━━ Materials provided

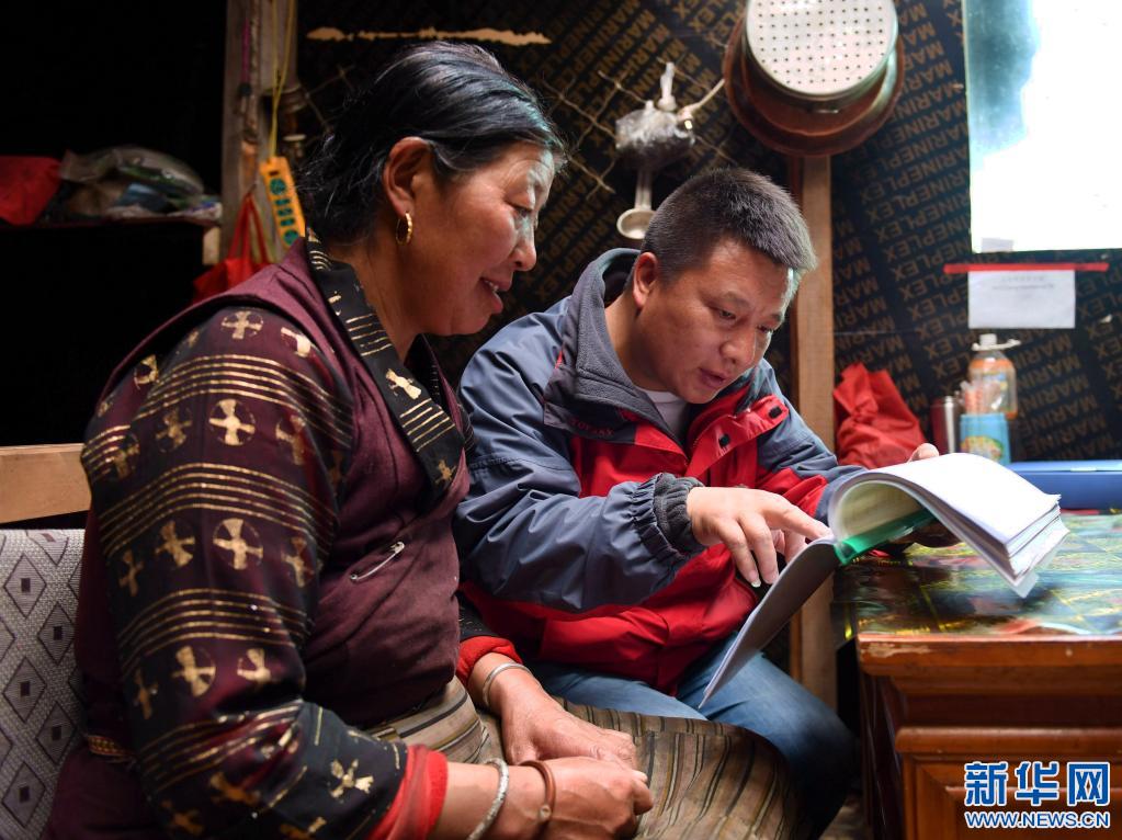 西藏山南市社保工作人員在隆子縣玉麥鄉(xiāng)玉麥村村民央宗家中進(jìn)行社保信息補(bǔ)充登記。新華社記者 晉美多吉 攝
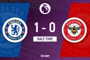 上半场伤停补时3分钟,半场结束,切尔西暂1-0布伦特福德。
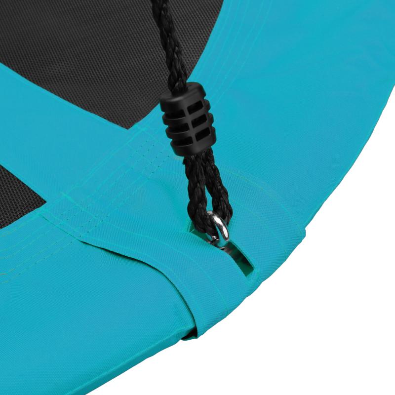 Sedací plocha je vyrobena z kombinace polypropylenu a polyesteru v úpravě 600D Oxford, takže je bezpečná, pohodlná a odolává povětrnostním vlivům. Díky tomu může zábava trvat mnoho hodin. Rám je chráněn speciální pěnou. Lana jsou z velmi odolného polyethylenu. Vše pro maximální bezpečnost, komfort a odolnost vůči dešti a sněhu. To znamená, že není nutné uklízet vybavení, jakmile začne pršet.
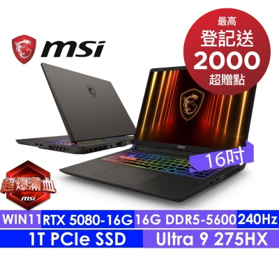 MSI微星 Vector 16 HX AI A2XWIG-014TW 240Hz 16吋電競筆電(Ultra 9 275HX/16G/1T SSD/RTX5080-16G/Win11)$74,999
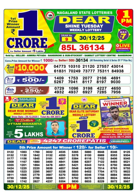 Punjab State Dear 50 Lottery 6pm Result 30.12.25
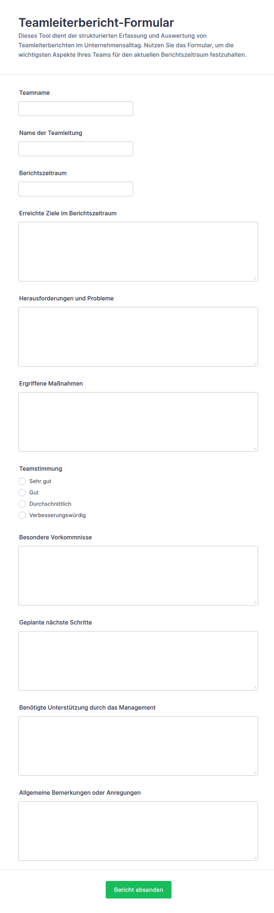 Ein Geschäftsberichtsformular ist ein strukturiertes Dokument zur Erfassung und Präsentation von Informationen über verschiedene Geschäftsaktivitäten wie Finanzergebnisse, Projektfortschritte, Vorfälle oder Mitarbeiterbeurteilungen.
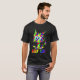 I give wanted to give this a 4 instead of a 5 because these Basic DARK T0shirts run unexpectedly SLIM or Narrow. Which is great if you do not have a potbelly, but I have a paunch. It isn't the shirt's fault that I've got a beer belly. The design and shirt itself is a quality cotton shirt. The color is more of a deep purple, but still a very pretty color. The Basic DARK T-shirts run a bit SLIMMER than the Basic Ts. The neck is a fraction narrower (or seems to be narrower) also. I'm a paunchy middle-aged woman and my neck is 12 inches (31cm) thick and the neckline fell about the same as in the photo of the man, and I had the desire to tug it a bit. So if you're a thick necked man or like loose shirts, be aware these are slimmer shirts. Once I get rid of my lockdown paunch it'll look great. The shirt washed well in cold water with no apparent bleeding. We don't have a dryer, so it hung dry. Did not shrink. Love the colors and the design. The design looks smaller on my shirt than it does on the model on-line. But still, it looks good on the shirt. The printing looks as it does on the model, just the size seems fractionally smaller. Washed garment in cold water, hung dry and design appeared unaffected.
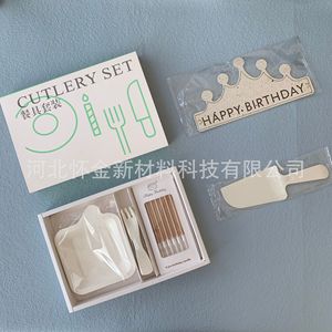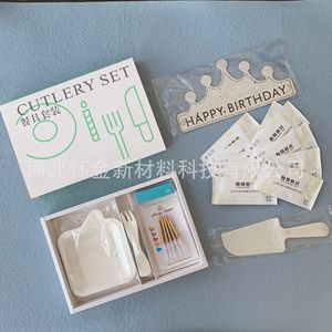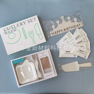 高級誕生日ケーキプレートカトラリーセット使い捨て食器ケーキショップデザートパーティーカトラリー引き出しギフトボックス

━━━━

Task to complete>
Give back every entry word for word, and drop the pictures as you go.

Response box>
 西藏山南市社保工作人員在隆子縣玉麥鄉(xiāng)玉麥村村民央宗家中進(jìn)行社保信息補(bǔ)充登記。新華社記者 晉美多吉 攝
 上半场伤停补时3分钟,半场结束,切尔西暂1-0布伦特福德。
 Sedací plocha je vyrobena z kombinace polypropylenu a polyesteru v úpravě 600D Oxford, takže je bezpečná, pohodlná a odolává povětrnostním vlivům. Díky tomu může zábava trvat mnoho hodin. Rám je chráněn speciální pěnou. Lana jsou z velmi odolného polyethylenu. Vše pro maximální bezpečnost, komfort a odolnost vůči dešti a sněhu. To znamená, že není nutné uklízet vybavení, jakmile začne pršet.
 MSI微星 Vector 16 HX AI A2XWIG-014TW 240Hz 16吋電競筆電(Ultra 9 275HX/16G/1T SSD/RTX5080-16G/Win11)$74,999
 Punjab State Dear 50 Lottery 6pm Result 30.12.25
 Ein Geschäftsberichtsformular ist ein strukturiertes Dokument zur Erfassung und Präsentation von Informationen über verschiedene Geschäftsaktivitäten wie Finanzergebnisse, Projektfortschritte, Vorfälle oder Mitarbeiterbeurteilungen.
 I give wanted to give this a 4 instead of a 5 because these Basic DARK T0shirts run unexpectedly SLIM or Narrow. Which is great if you do not have a potbelly, but I have a paunch. It isn't the shirt's fault that I've got a beer belly. The design and shirt itself is a quality cotton shirt. The color is more of a deep purple, but still a very pretty color. The Basic DARK T-shirts run a bit SLIMMER than the Basic Ts. The neck is a fraction narrower (or seems to be narrower) also. I'm a paunchy middle-aged woman and my neck is 12 inches (31cm) thick and the neckline fell about the same as in the photo of the man, and I had the desire to tug it a bit. So if you're a thick necked man or like loose shirts, be aware these are slimmer shirts. Once I get rid of my lockdown paunch it'll look great. The shirt washed well in cold water with no apparent bleeding. We don't have a dryer, so it hung dry. Did not shrink. Love the colors and the design. The design looks smaller on my shirt than it does on the model on-line. But still, it looks good on the shirt. The printing looks as it does on the model, just the size seems fractionally smaller. Washed garment in cold water, hung dry and design appeared unaffected.
 高級誕生日ケーキプレートカトラリーセット使い捨て食器ケーキショップデザートパーティーカトラリー引き出しギフトボックス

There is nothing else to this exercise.